Kfar Uria (, ) is a moshav in central Israel. Located near Beit Shemesh in the Shephelah. It falls under the jurisdiction of Mateh Yehuda Regional Council. In  it had a population of .

History
The village was first established in 1912 on land purchased by the Palestine Office (Palaestinaamt). It was named after the Arab village of Kafrûria, an "abandoned or sparsely populated" estate situated about half a kilometer west of the new settlement. These lands were to serve as an agricultural training place. Among the village's early founders and residents was A. D. Gordon.

According to a census conducted in 1922 by the British Mandate authorities, Kfar Uria had a population of 40 Jews. The census in 1931 recorded 10 Muslim inhabitants living in 2 houses.
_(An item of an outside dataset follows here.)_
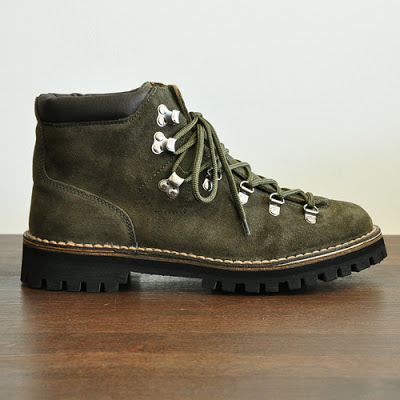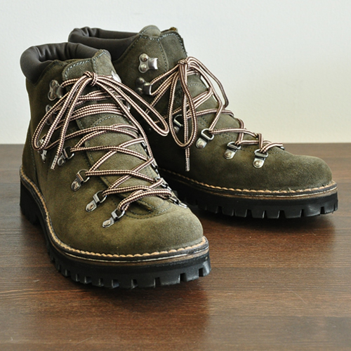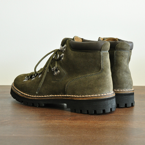 スエードに品の良いカラーをのせたマウンテンブーツ。
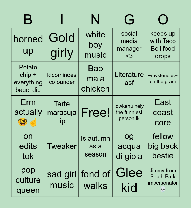 This bingo card has a free space and 24 words: Tweaker, sad girl music, Bao mala chicken, pop culture queen, keeps up with Taco Bell food drops, horned up, Potato chip + everything bagel dip, Gold girly, lowkenuinely the funniest person ik, Is autumn as a season, Literature asf, Erm actually 🤓☝️, og acqua di gioia, fellow big back bestie, kfcominoes cofounder, Glee kid, East coast core, white boy music, ~mysterious~ on the gram, Tarte maracuja lip, Jimmy from South Park impersonator💀, on edits tok, social media manager <3 and fond of walks.

In the 1929 Palestine riots Arab rioters from Jerusalem attacked Kfar Uria, with some local help, robbed and burned down the village. The inhabitants of the adjacent Arab villages for the most part were on good terms with the village's residents and many treated the moshav's association director, Baruch Yakimovsky, as their mukhtar (village chief). He was on amicable terms with mukhtars in surrounding villages. The farmers of the area, both Jews and Arabs, cooperated and defended each other against raiding nomadic Bedouin. 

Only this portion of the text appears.